С собой носил и отрывные талоны от аккредитивов – без них и (без паспорта на его имя) денег в сберкассе не получишь. Зато желавшие поживиться в его временном жилье явно просчитались.
Синичкин осмотрел входные замки: и английский, и французский. Уходя, проверял: закрыто. На обоих не оказалось никаких следов, что их пытались вскрыть.
Он и окна закрыл перед уходом. Оставил только, по случаю жары, форточки. Сработали форточники? В Москве он давно не слышал о ворах с подобной специализацией. Неужели в Приморье они остались?
Или, скорее, у кого-то нашелся запасной ключ от квартиры?
Ладно, утро вечера мудренее. Ясно было одно: спускать происшедшее ни в коем случае нельзя.
Вечером следующего дня Синичкин сидел на лавочке в скверике напротив здания краевого управления МВД на улице 25 Октября[10].
«Коржев – подполковник, – думал он, – поэтому вряд ли ему положена персоналка.

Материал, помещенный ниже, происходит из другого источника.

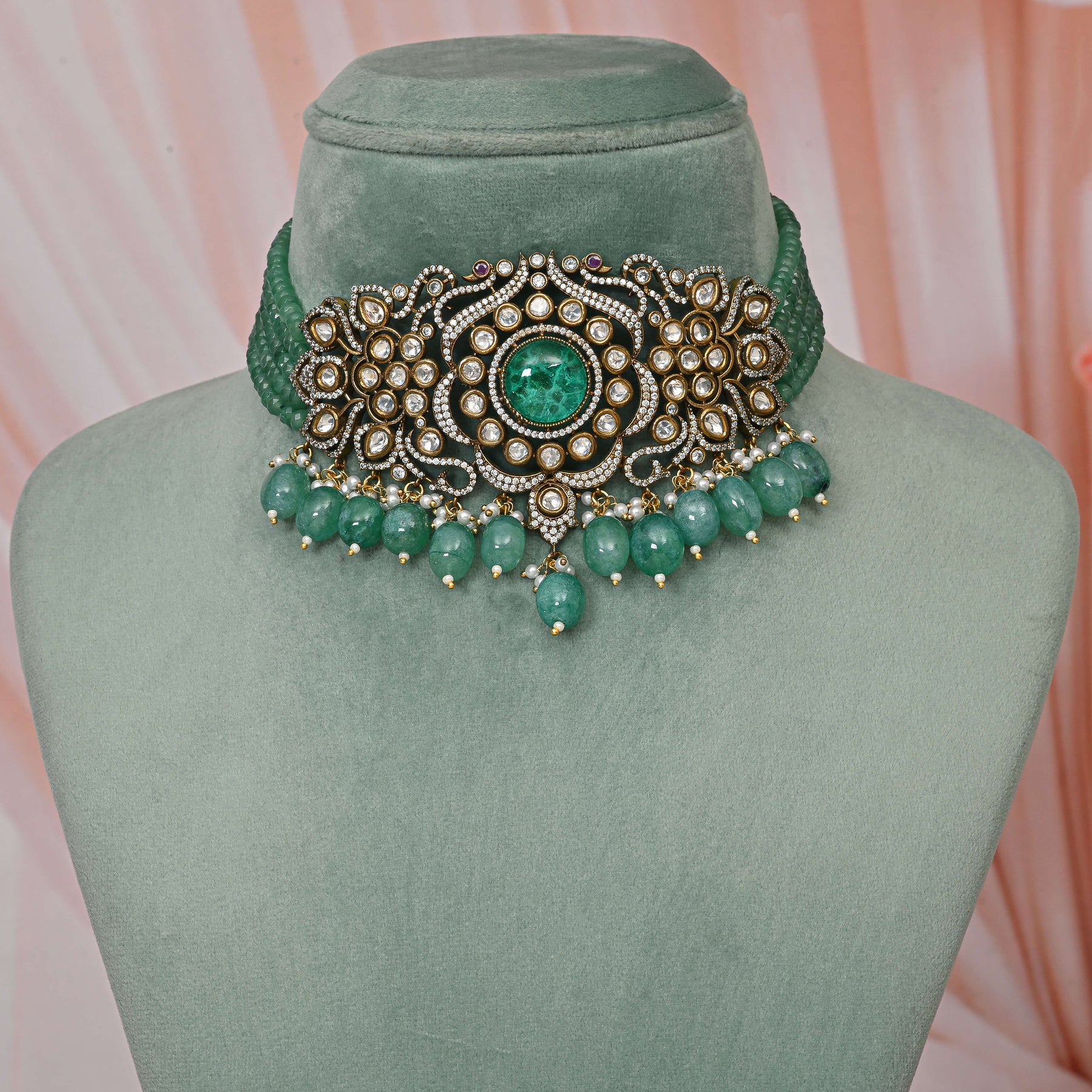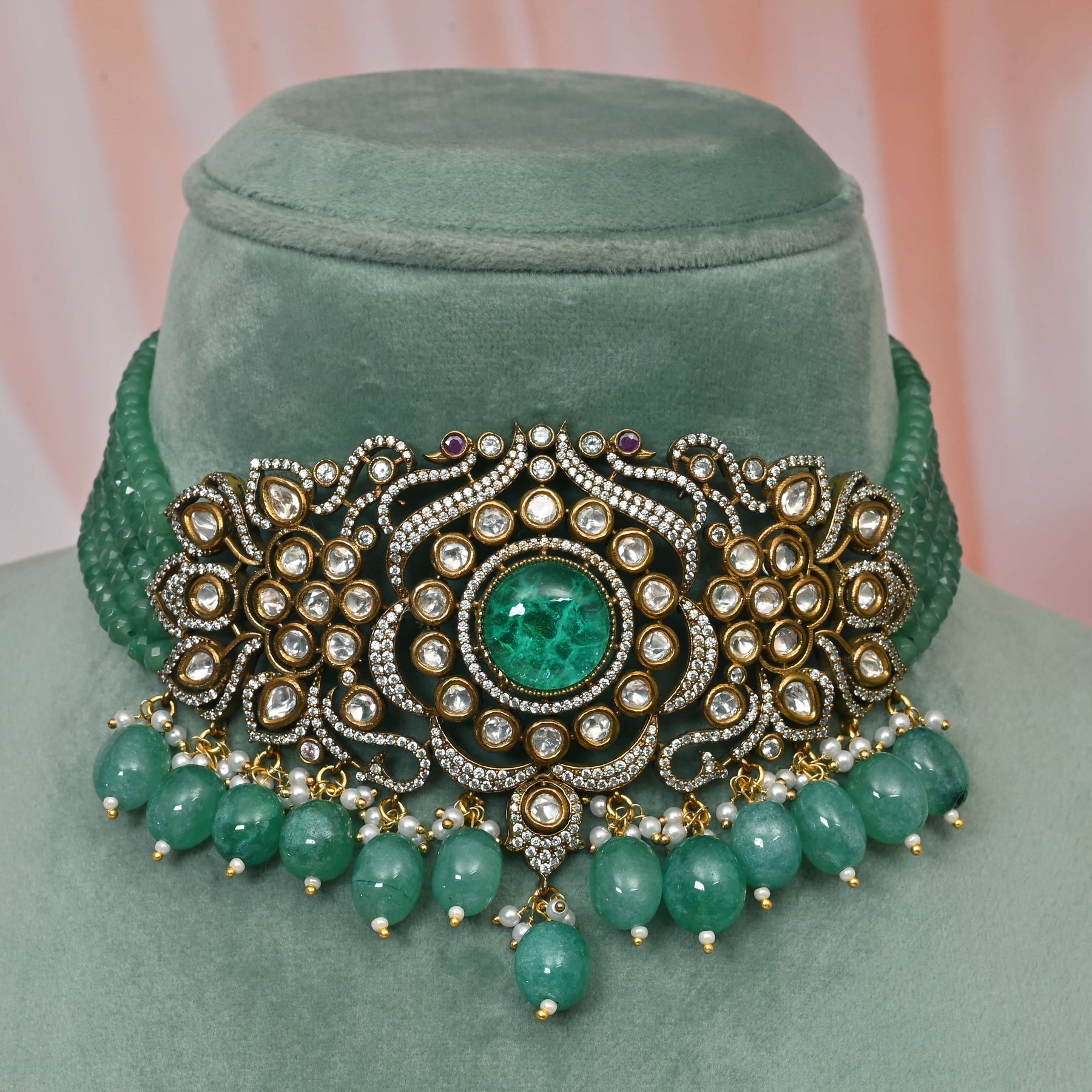 Meticulously hand-crafted Victorian beads choker featuring an exquisite combination of genuine CZ stones and premium moissanite. This luxurious neckpiece showcases superior craftsmanship with authentic Victorian-inspired detailing, offering exceptional brilliance and fire. A sophisticated statement piece that elevates both traditional and contemporary ensembles.
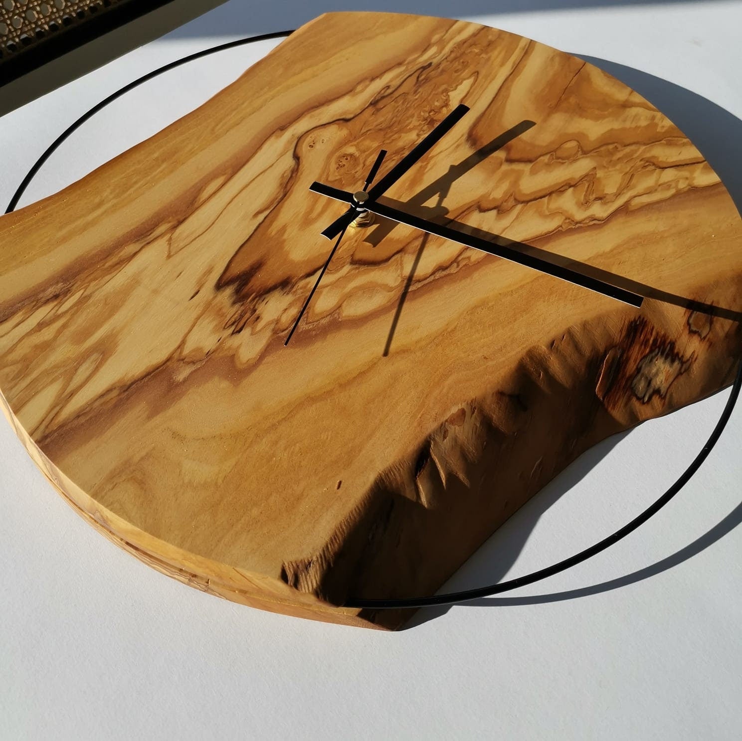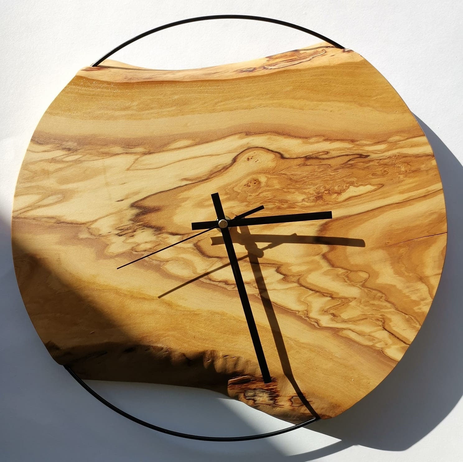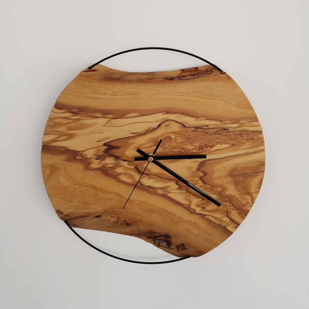 Diese Olivenholz Wanduhr mit ihrem faszinierenden Dekometallring ist nicht nur ein praktischer Zeitmesser, sondern auch ein echtes Kunstwerk, das deinem Zuhause eine natürliche und moderne Note verleiht.
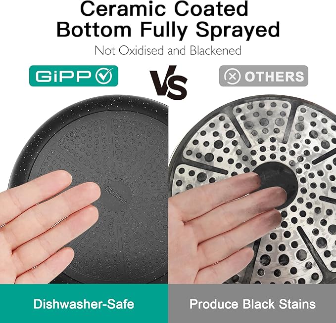 - 100% Non-Toxic & Healthy - Made with a healthy ceramic coating free from PTFE, PFAS, PFOA, PFOS, APEO, lead, cadmium and SGS Approved. GiPP ceramic Pots and Pans Set is safe for your family and the environment
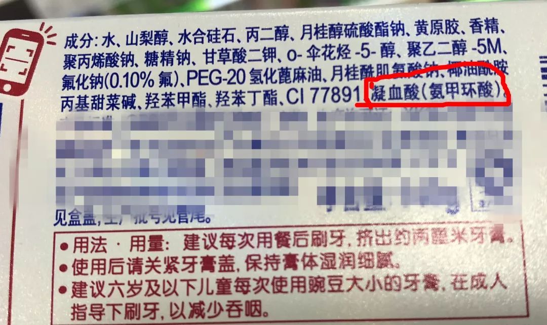 沒有在“抗過敏減少牙齦出血”的牙膏上發(fā)現(xiàn)氨甲環(huán)酸,先不要高興得太早。小編在另一款同樣有“抗紅腫出血”的牙膏成分里,發(fā)現(xiàn)了它——凝血酸。
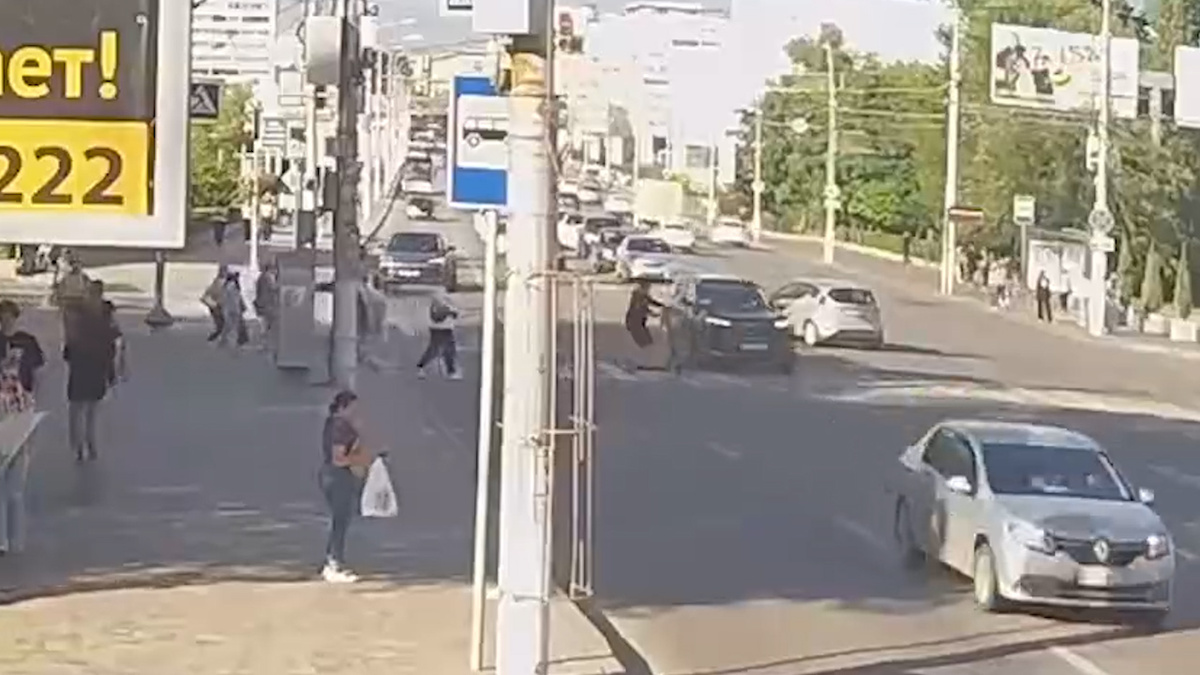Экипажи ГАИ работают на месте ДТП в Ворошиловском районе Волгограда. Момент столкновения самоката с машиной зафиксировали камеры видеонаблюдения. Фото: пресс-служба ГУ МВД России по Волгоградской области В Волгограде устанавливают обстоятельства аварии с участием самокатчика. Водитель самоката попал под колеса легкового авто на пешеходном переходе, сообщили в ГУ МВД России по региону. Предварительно, авария произошла сегодня в 17:20. На месте работают экипажи ГАИ. Смотрим «Вести. Волгоград»: smotrim.ru/Volgograd Подписывайтесь на наши страницы в соцсетях: Telegram, ВКонтакте, Одноклассники, Дзен
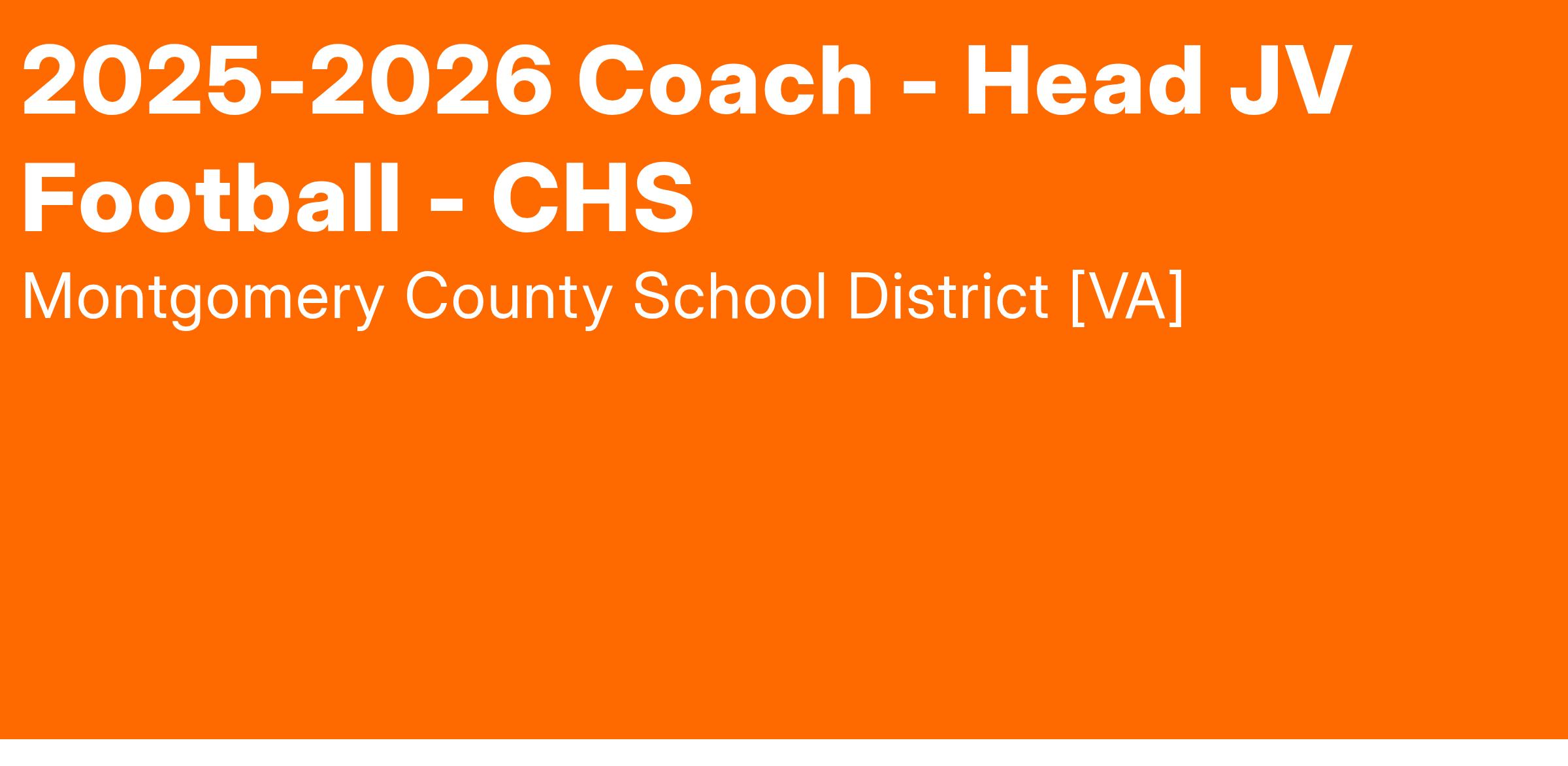 Montgomery County Public Schools has an immediate opening and is accepting applications for a Football Coach – Head Junior Varsity position that is available for the 2025-2026 school year at Christiansburg High School.
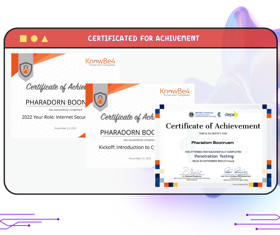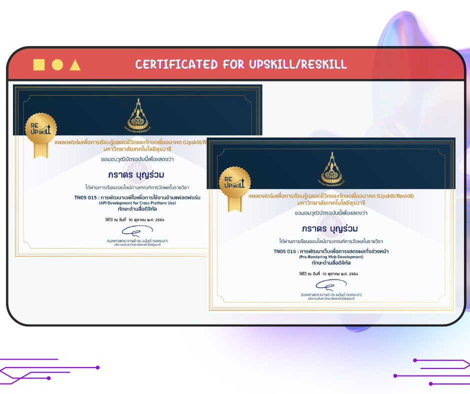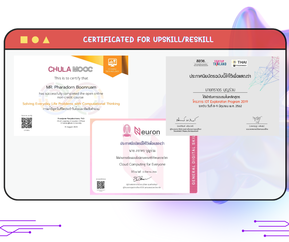 • I graduated from B.I.S. Bachelor Of Information Science ( Enterprise Software Program ) - Class Honours, School of Information Technology, Institute of Digital Technology at Suranaree University of Technology, Nakhon Ratchasima, THAILAND

Значит, ездит на общественном транспорте – но, скорее всего, имеет личные “Жигули” или даже “Волгу”».
После шести из здания с колоннами потянулись люди – кто-то в мундирах, иные в гражданке.
Без четверти семь вышел (в цивильной одежке) подполковник Коржев.
Догадка опера оказалась верна: мент подошел к красной «шестерке», стоявшей напротив управления, и стал отпирать водительскую дверцу. Синичкин рванул и через минуту оказался рядом с подполковником – подошел вплотную, глаза в глаза. Коржев не удивился.
– Нарушаете конспирацию, майор? – высокомерно вопросил он вместо приветствия. Здесь, в Приморье, на своей территории, он чувствовал себя хозяином положения.
– Закончил труды праведные? Домой собираешься, подполковник? – вопросом на вопрос ответил опер. – В квартиру в «серой лошади»?[11] Или на свою дачу, на Светланку? Жена Валентина Николаевна, дочки Женя и Маша заждались, да?
Синичкин не зря просил своего куратора Гремячего составить справку о ситуации в Приморье. О руководителях края и коллегах там тоже содержалась информация – вплоть до состава семьи и места жительства.
Коржев сразу сдулся, а опер продолжал:
– Не боишься за близких своих? Или что дом твой обнесут – как мою здешнюю квартиру?
– Не понимаю, что за наезды, – помотал головой Коржев.
– А то, что квартиру на Электрозаводской вчера днем, пока меня не было, посещали. Унесли кое-что из барахла, но, главное, искали бабки. Ты в курсе, кто это был?
– Я-то откуда?
– А кто знал, что в квартире с моим приездом деньжата завелись? Только ты, подполковник, и ведал. Мог навести. Слушай, я не буду грозить рапортом, который подам о тебе по команде; они в нашей системе долго ходят. Поэтому поработай со своей агентурой, и пусть мне вернут награбленное. А то неуважение проявили к московскому гостю. Разболтал ты своих подопечных. Того гляди, и самого обкрадут. Как тебе или супруге твоей теперь на даче на Светланке спокойно спать? Хорошо понял меня?
Синичкин сделал блатной нырок в сторону Коржева, словно хотел боднуть его головой в грудь, но до конца не довел – тот, впрочем, испуганно отшатнулся. Не дожидаясь оправданий-возражений, опер развернулся и, насвистывая, отправился по улице 25 Октября вниз, к океану.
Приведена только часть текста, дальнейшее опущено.